Der Hilde-Domin-Saal verwandelte sich dabei in ein Chemie-Labor, in dem die Lehrer*innen an jedem Arbeitsplatz eine Fülle von Experimentiermaterialien erwartete. Als erfahrener Lehrerfortbildner hatte Full eine methodisch-didaktische Reihe mit 3 Experimenten für alle Schularten vorbereitet, die die Schüler*innen auf spielerische Art von der Knallgasreaktion zur solaren Wasserstoff-Technologie führen sollen. In einer Plastikpipette wurde die Minimal-Version einer Elektrolyse von Wasser durchgeführt und als es im Hilde-Domin Saal 18 mal bätschte, war das Experiment erfolgreich mit der Knallgasprobe abgeschlossen. Im zweiten Versuch bauten sich die Lehrer mit einfachsten Mitteln eine Brennstoffzelle zusammen, die nichts anderes als eine als kontrollierte Knallgas-Reaktion darstellt. Freude kam auf, als zum Schluss der Strom aus der Brennstoffzelle mit 2 Edelstahltopfreibern den Propeller eines kleinen Solarmotors zum Schnurren brachte. Abschließend machte der Referent die anwesenden Lehrkräfte mit dem Solar-Wasserstoff-Lernset vertraut, wobei jeder von ihnen mit einem eigenen Experimentierkasten nach detaillierter Anleitung und Erklärung eine modellhafte Wasserstoff-Station aufbaute und betreib. Das vom Landratsamt Miltenberg beschaffte Lernset ging nach Ende der Veranstaltung in den Besitz der Schule über. Als Sponsor für weitere Experimentierkästen trat die EMB (Energieversorgung Miltenberg/Bürgstadt) auf, was die Kursteilnehmer mit viel Beifall quittierten. Der JEG-Freundeskreis spendete unserer Schule drei weitere Kästen, so dass es nun endlich mit dem Experimentiernen mit grünem Wasserstoffs losgehen kann.

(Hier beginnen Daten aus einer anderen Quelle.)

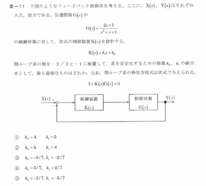 令和2年度技術士第一次試験問題[機械部門] 専門科目Ⅲ-11 フィードバック制御系で極が与えられている時の安定化するための条件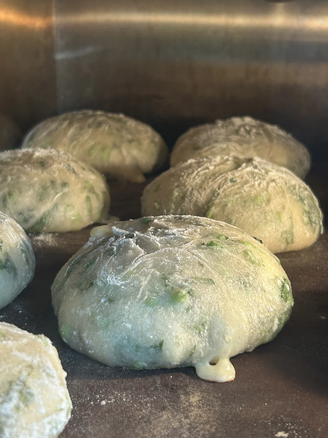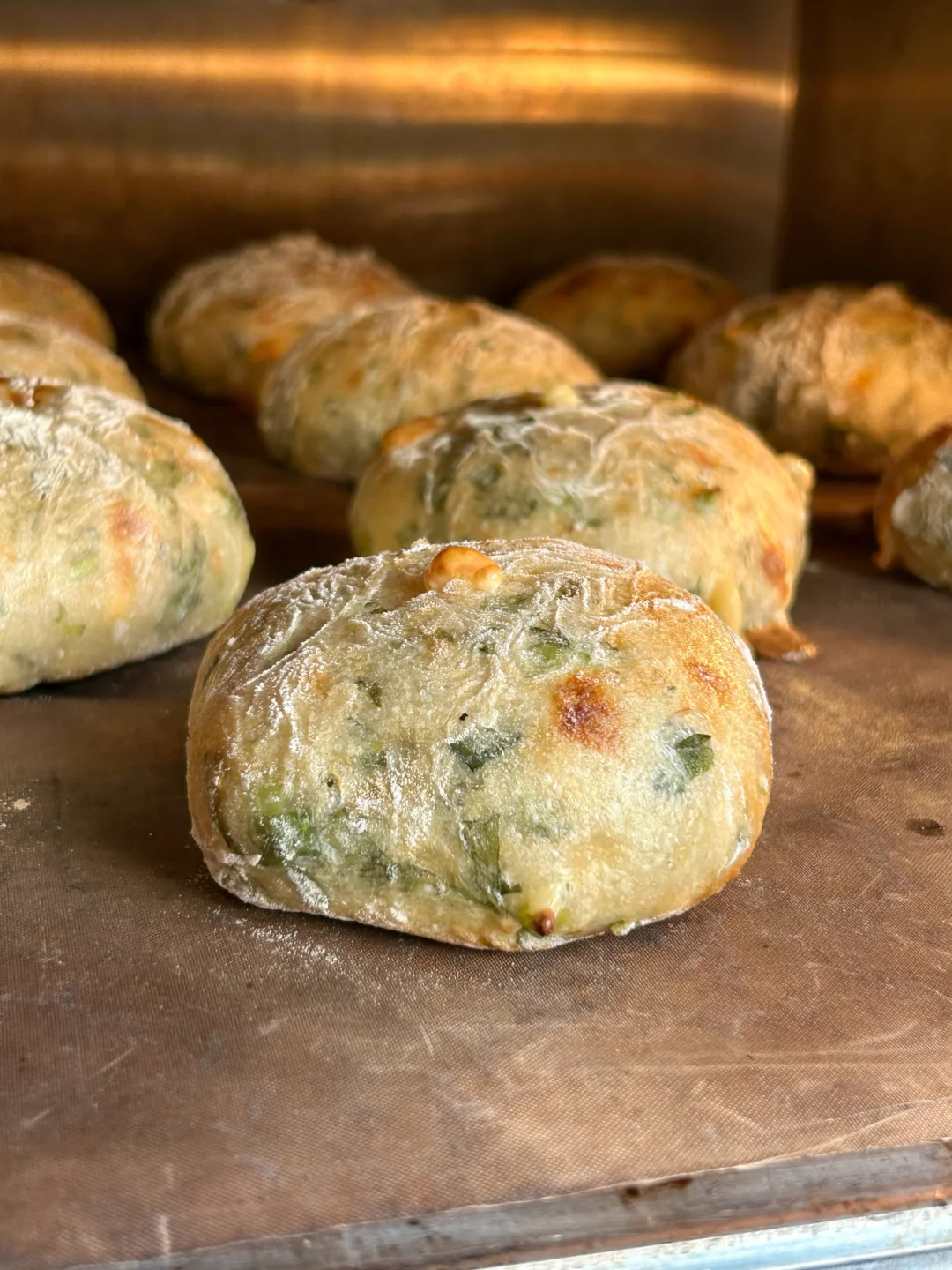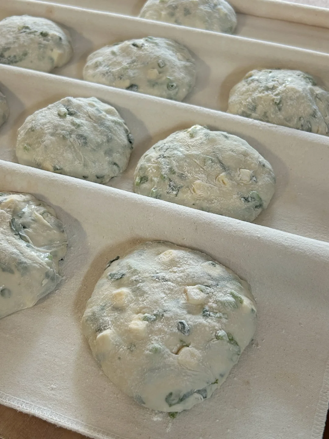 记录分享: 烫种: T80 50|高粉 50|开水 200|盐 2 烫成团以后,冷藏备用。 主面团: 烫种 300|高粉 450|水 290+150+50|盐 9|鲜酵母 5|芝麻油 22 出缸 20 ℃ 辅料: 芝士丁 150|大孔芝士 30 香葱 50|茼蒿 |200 折叠斩拌进面团 松弛半小时,翻面整理面团 入冷藏,隔夜 18 个小时左右。 次日:回温 1 个小时 分割 170 面团 ✖️10 平炉 SP50 上火 250 下火 240℃,18 分钟

Nachdem Dr. Strack in seinem Referat die Grundzüge der Wasserstofftechnologie sehr anschaulich erläutert und über den Stand seiner Initiative in der Modellregion Alzenau berichtet hatte, ging eine Lehrerfortbildung zu einem hochaktuellen Thema unserer Zeit zu Ende, die alle Kursteilnehmer als sehr bereichernd empfanden. Deshalb sparten sie auch nicht mit Komplimenten für die Referenten und brachten ihren Dank mit einem kräftigen Applaus zum Ausdruck.